**Given data:**
*-*-*

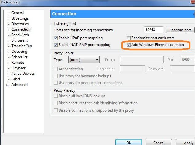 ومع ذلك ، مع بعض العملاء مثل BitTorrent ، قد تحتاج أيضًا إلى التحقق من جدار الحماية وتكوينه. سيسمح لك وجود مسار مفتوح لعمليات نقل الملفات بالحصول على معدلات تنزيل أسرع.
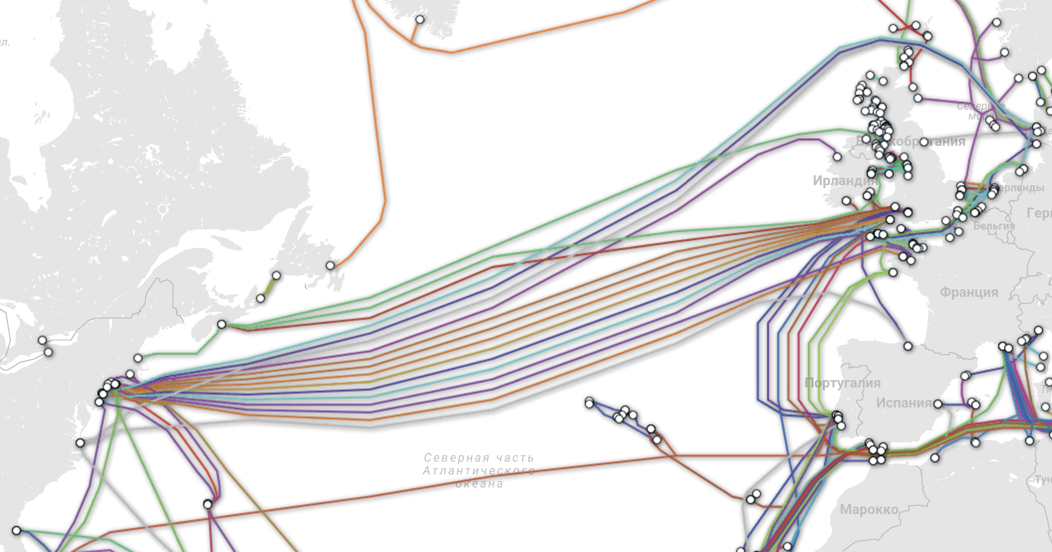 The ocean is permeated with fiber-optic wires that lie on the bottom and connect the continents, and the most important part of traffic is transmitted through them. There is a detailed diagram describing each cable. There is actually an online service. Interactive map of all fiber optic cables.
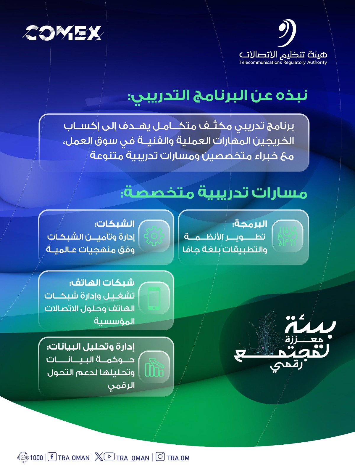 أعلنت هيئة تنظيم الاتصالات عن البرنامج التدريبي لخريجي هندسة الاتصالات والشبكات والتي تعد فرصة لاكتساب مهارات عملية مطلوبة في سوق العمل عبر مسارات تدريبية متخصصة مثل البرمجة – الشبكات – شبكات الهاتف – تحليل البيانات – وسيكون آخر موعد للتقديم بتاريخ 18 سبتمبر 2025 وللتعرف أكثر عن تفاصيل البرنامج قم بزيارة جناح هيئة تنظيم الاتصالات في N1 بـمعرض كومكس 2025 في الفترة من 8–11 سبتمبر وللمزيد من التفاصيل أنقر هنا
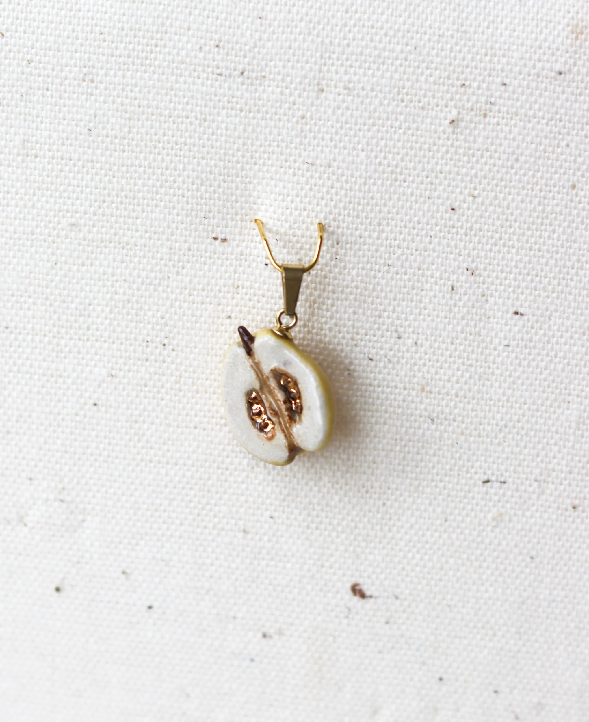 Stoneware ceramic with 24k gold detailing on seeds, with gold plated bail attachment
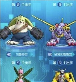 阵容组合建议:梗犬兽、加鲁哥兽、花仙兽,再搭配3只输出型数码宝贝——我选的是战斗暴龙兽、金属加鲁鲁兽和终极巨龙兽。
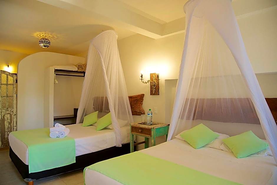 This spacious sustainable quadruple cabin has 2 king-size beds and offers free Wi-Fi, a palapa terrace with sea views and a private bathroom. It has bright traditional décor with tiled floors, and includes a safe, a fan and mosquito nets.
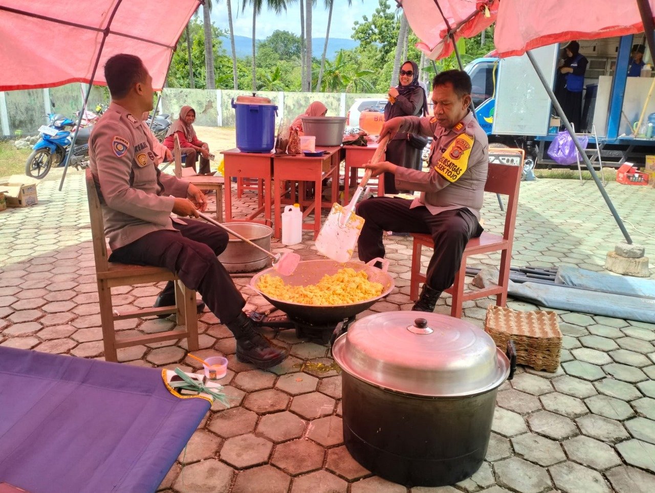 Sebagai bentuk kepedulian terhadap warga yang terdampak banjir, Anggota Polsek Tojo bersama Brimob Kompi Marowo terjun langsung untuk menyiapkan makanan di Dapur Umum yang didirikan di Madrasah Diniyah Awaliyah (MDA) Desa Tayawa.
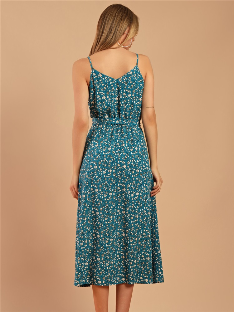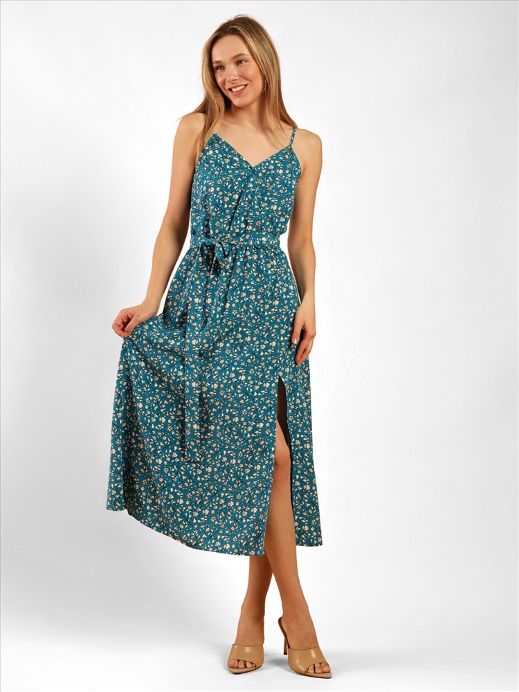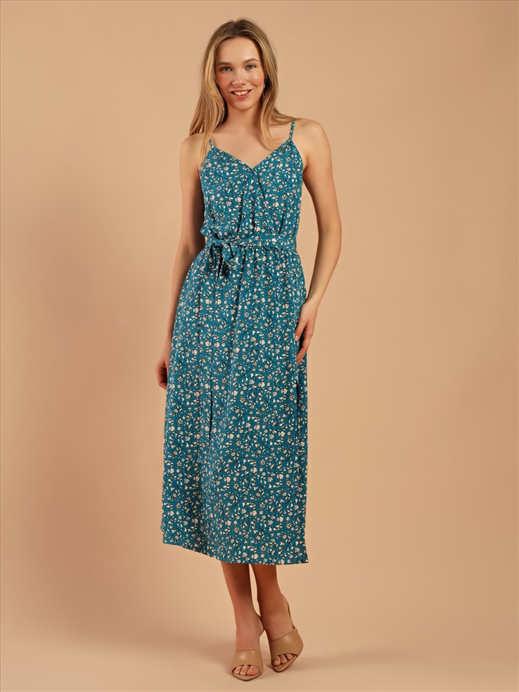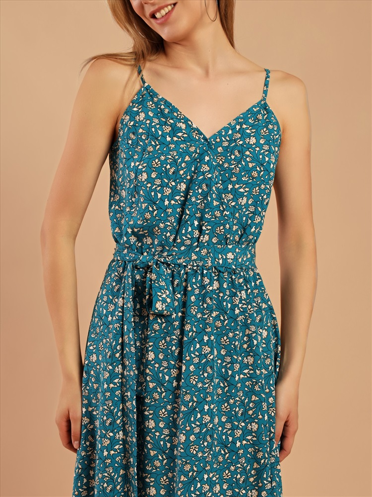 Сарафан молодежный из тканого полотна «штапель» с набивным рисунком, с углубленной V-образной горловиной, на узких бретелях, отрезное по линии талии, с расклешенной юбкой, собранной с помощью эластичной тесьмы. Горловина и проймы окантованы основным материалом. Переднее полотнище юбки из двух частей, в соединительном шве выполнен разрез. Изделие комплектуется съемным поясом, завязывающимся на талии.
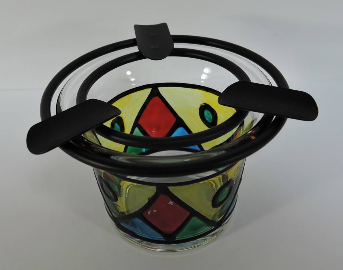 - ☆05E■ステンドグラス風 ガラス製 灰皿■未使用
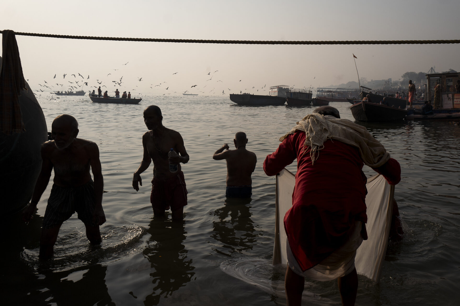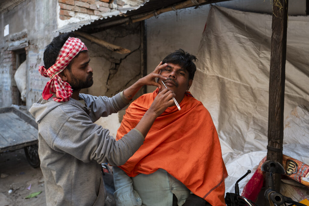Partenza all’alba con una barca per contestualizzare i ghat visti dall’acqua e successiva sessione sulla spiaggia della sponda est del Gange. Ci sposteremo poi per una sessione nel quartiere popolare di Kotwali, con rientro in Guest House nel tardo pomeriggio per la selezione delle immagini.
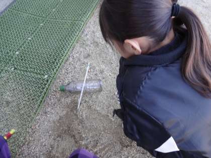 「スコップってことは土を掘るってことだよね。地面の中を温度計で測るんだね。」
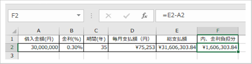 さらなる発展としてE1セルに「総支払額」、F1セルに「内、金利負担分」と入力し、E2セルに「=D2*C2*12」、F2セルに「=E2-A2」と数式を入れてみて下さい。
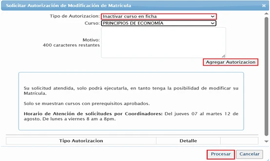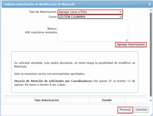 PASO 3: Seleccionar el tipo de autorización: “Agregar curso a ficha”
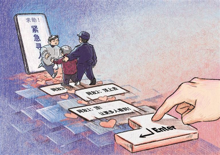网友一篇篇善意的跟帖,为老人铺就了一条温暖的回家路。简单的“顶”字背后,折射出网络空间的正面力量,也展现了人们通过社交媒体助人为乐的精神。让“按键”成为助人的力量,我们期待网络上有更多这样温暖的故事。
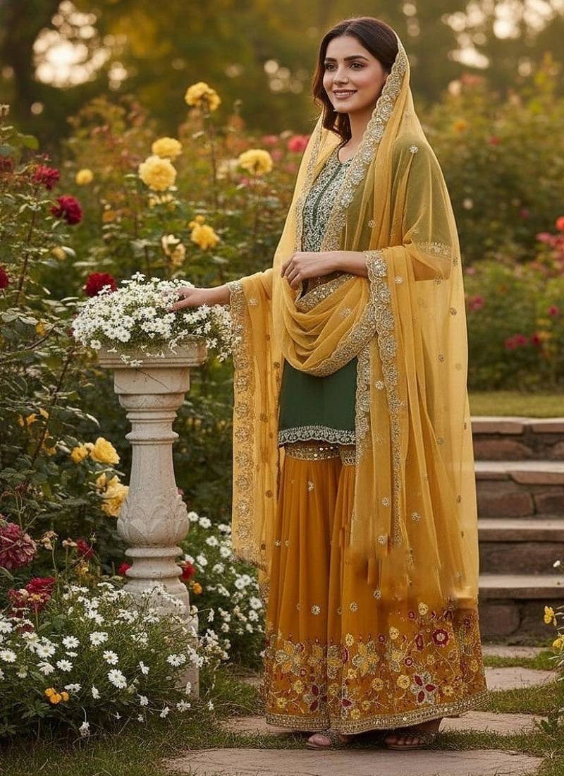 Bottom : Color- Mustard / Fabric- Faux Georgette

*-*-*

**Your assignment:**
The required output is every line from the beginning of the material above through the line with "The ocean is", exact and without pictures.

**Solution for this problem:**
 ومع ذلك ، مع بعض العملاء مثل BitTorrent ، قد تحتاج أيضًا إلى التحقق من جدار الحماية وتكوينه. سيسمح لك وجود مسار مفتوح لعمليات نقل الملفات بالحصول على معدلات تنزيل أسرع.
 The ocean is permeated with fiber-optic wires that lie on the bottom and connect the continents, and the most important part of traffic is transmitted through them. There is a detailed diagram describing each cable. There is actually an online service. Interactive map of all fiber optic cables.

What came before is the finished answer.